*PROBLEM REQUIREMENTS*
Could you please write out each line of the records exactly, minus the pictures?
--------------------
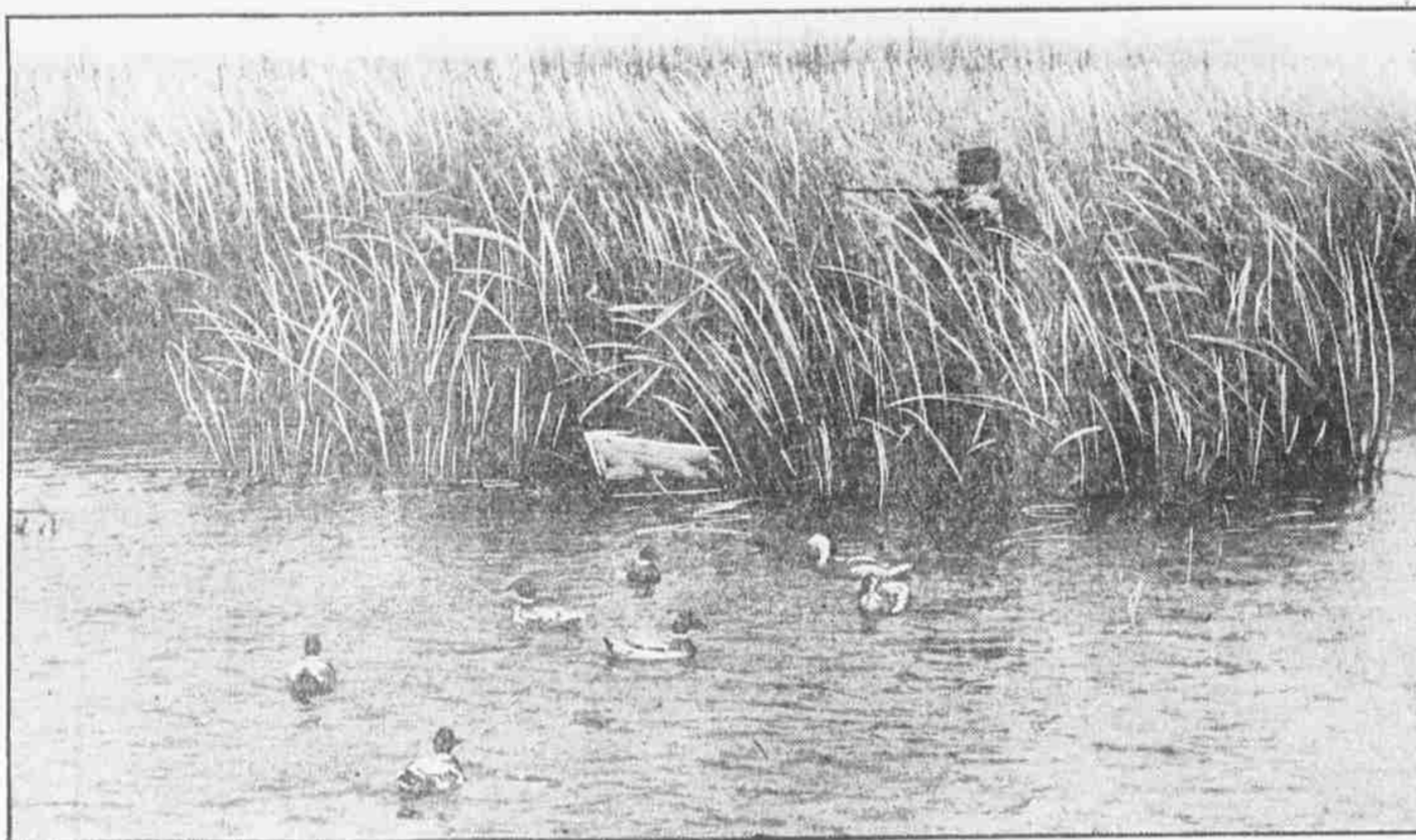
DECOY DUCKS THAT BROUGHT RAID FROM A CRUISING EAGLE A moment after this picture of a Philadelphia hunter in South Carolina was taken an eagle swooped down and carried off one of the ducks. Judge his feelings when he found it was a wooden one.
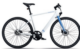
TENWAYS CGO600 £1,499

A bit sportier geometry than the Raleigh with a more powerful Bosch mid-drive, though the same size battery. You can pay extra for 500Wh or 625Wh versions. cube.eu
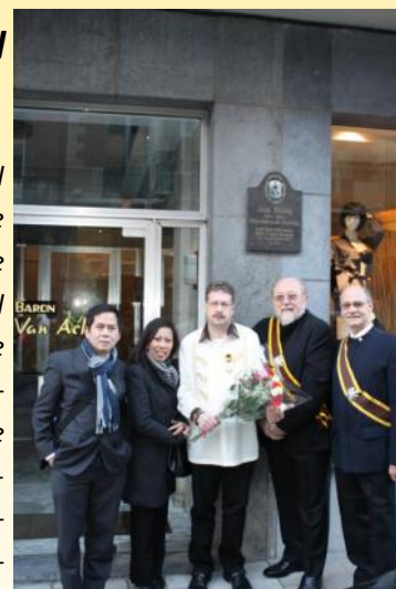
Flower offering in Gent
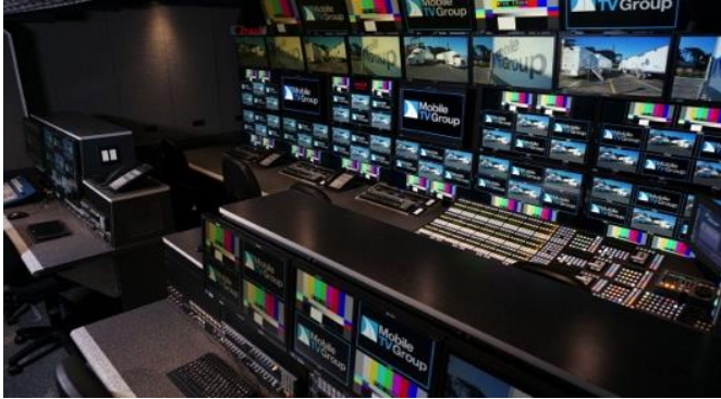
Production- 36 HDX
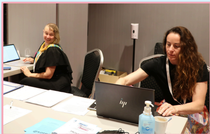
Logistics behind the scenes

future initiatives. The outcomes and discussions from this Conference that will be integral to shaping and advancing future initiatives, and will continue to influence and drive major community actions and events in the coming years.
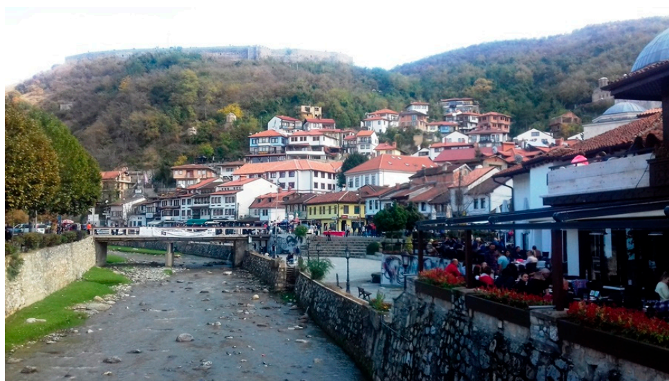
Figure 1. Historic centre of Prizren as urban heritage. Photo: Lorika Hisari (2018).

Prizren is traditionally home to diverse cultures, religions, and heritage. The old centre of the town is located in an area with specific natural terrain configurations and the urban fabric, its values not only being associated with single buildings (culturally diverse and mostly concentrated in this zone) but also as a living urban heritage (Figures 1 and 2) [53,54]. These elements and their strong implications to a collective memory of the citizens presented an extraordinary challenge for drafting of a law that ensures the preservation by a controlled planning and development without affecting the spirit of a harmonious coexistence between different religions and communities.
--------------------
*SOLUTION TO THE EXERCISE*
DECOY DUCKS THAT BROUGHT RAID FROM A CRUISING EAGLE A moment after this picture of a Philadelphia hunter in South Carolina was taken an eagle swooped down and carried off one of the ducks. Judge his feelings when he found it was a wooden one.
TENWAYS CGO600 £1,499

A bit sportier geometry than the Raleigh with a more powerful Bosch mid-drive, though the same size battery. You can pay extra for 500Wh or 625Wh versions. cube.eu
Flower offering in Gent
Production- 36 HDX
Logistics behind the scenes

future initiatives. The outcomes and discussions from this Conference that will be integral to shaping and advancing future initiatives, and will continue to influence and drive major community actions and events in the coming years.
Figure 1. Historic centre of Prizren as urban heritage. Photo: Lorika Hisari (2018).

Prizren is traditionally home to diverse cultures, religions, and heritage. The old centre of the town is located in an area with specific natural terrain configurations and the urban fabric, its values not only being associated with single buildings (culturally diverse and mostly concentrated in this zone) but also as a living urban heritage (Figures 1 and 2) [53,54]. These elements and their strong implications to a collective memory of the citizens presented an extraordinary challenge for drafting of a law that ensures the preservation by a controlled planning and development without affecting the spirit of a harmonious coexistence between different religions and communities.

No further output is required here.